#### [What you are asked to do]
Starting at the top line and ending at the bottom one, repeat the entries exactly and drop every picture.

#### [Data for this task]
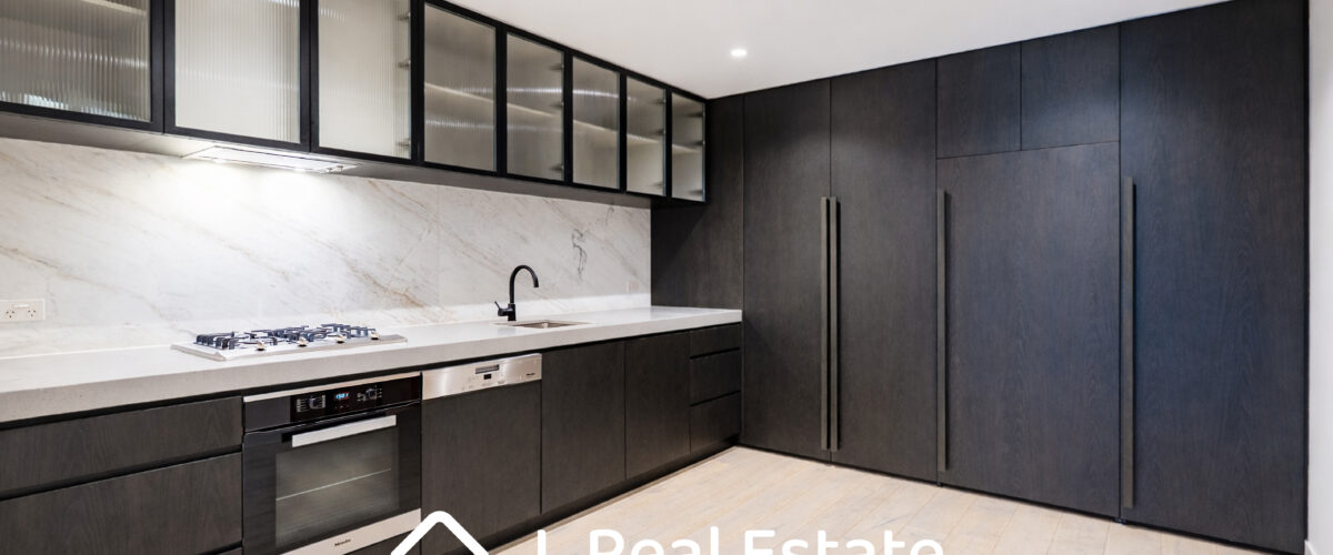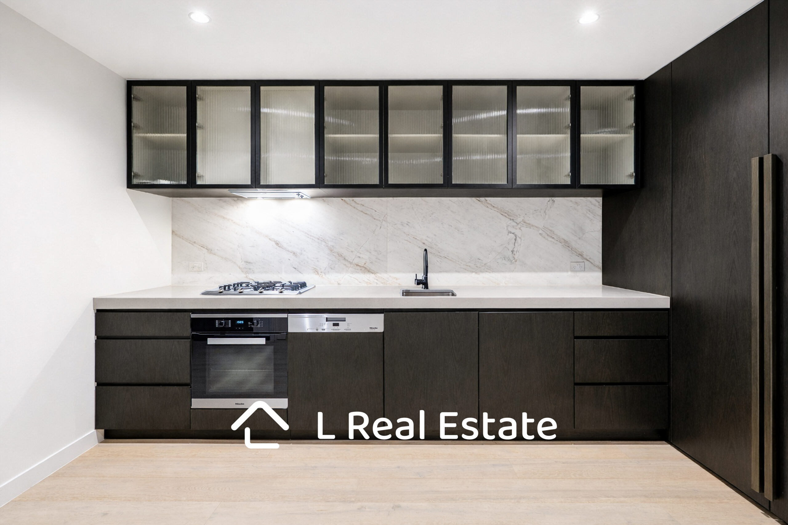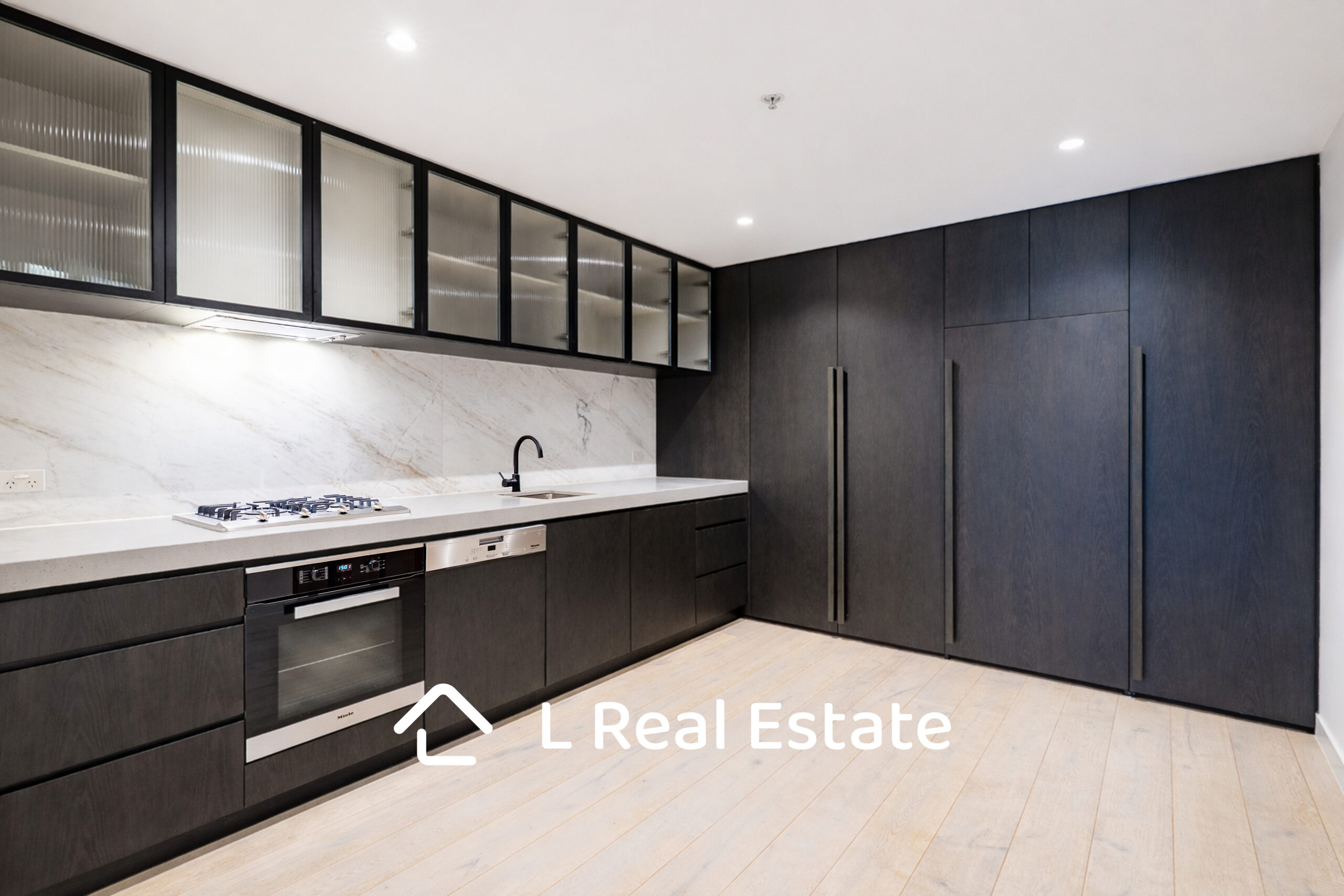 The sleek kitchen is designed for both style and functionality, featuring stone benchtops, premium Miele appliances, and integrated cabinetry for a clean, modern finish.
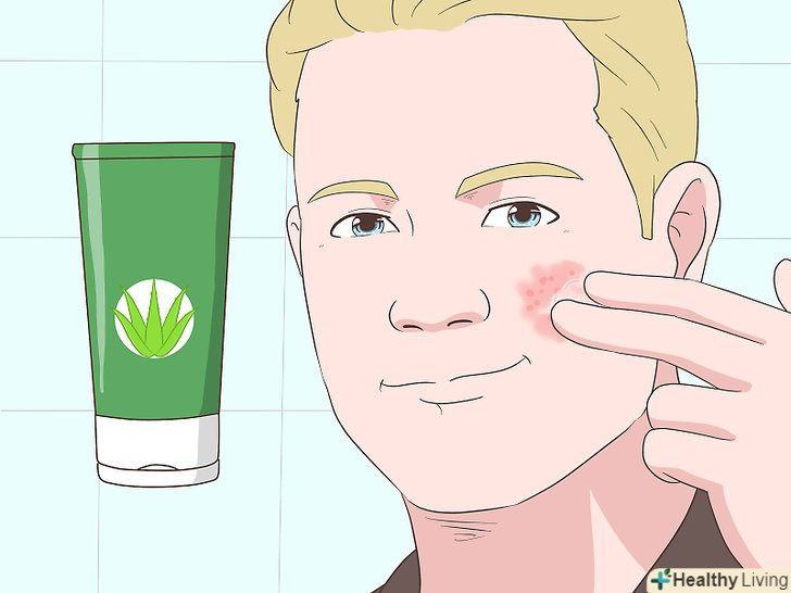Нанесіть алое вера або календулу на роздратовану шкіру.придбайте алое вера у вигляді гелю або мазі. А також можна прикладати на шкіру свіжий сік алое вера. Нанесіть 1-2 шари алое вера на шкіру один або два рази на день, щоб допомогти шкірі зцілити.[8]- Календула зазвичай випускається у формі мазі. Наносите її чистими пальцями на уражену область 1-2 рази на день. Шукайте мазь з календулою в магазинах косметики або аптеках.
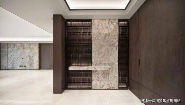推开房门的刹那,尊贵感更是油然而生,重工且精致的玄关背景墙,审美调性也很高。
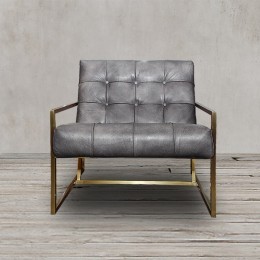 Полукресло C0197-1D/greyB#67, обивка кожа, ножки нержавеющая сталь, grey/matte gold, ROOMERS FURNITURE
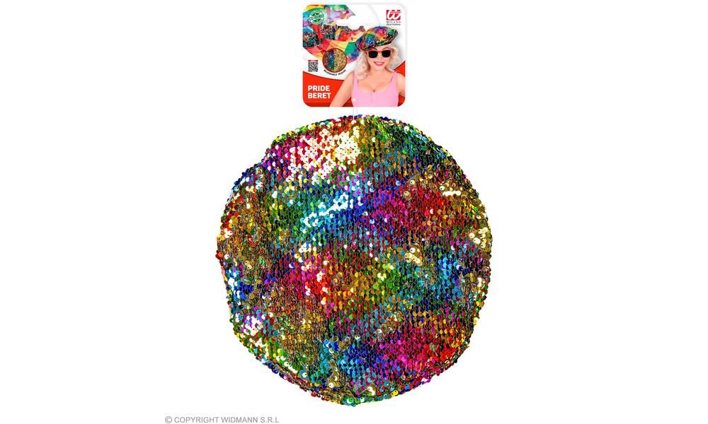 REVERSIBLE RAINBOW/GOLD SEQUIN BERET

#### [Response to this task]
 The sleek kitchen is designed for both style and functionality, featuring stone benchtops, premium Miele appliances, and integrated cabinetry for a clean, modern finish.
Нанесіть алое вера або календулу на роздратовану шкіру.придбайте алое вера у вигляді гелю або мазі. А також можна прикладати на шкіру свіжий сік алое вера. Нанесіть 1-2 шари алое вера на шкіру один або два рази на день, щоб допомогти шкірі зцілити.[8]- Календула зазвичай випускається у формі мазі. Наносите її чистими пальцями на уражену область 1-2 рази на день. Шукайте мазь з календулою в магазинах косметики або аптеках.
推开房门的刹那,尊贵感更是油然而生,重工且精致的玄关背景墙,审美调性也很高。
 Полукресло C0197-1D/greyB#67, обивка кожа, ножки нержавеющая сталь, grey/matte gold, ROOMERS FURNITURE
 REVERSIBLE RAINBOW/GOLD SEQUIN BERET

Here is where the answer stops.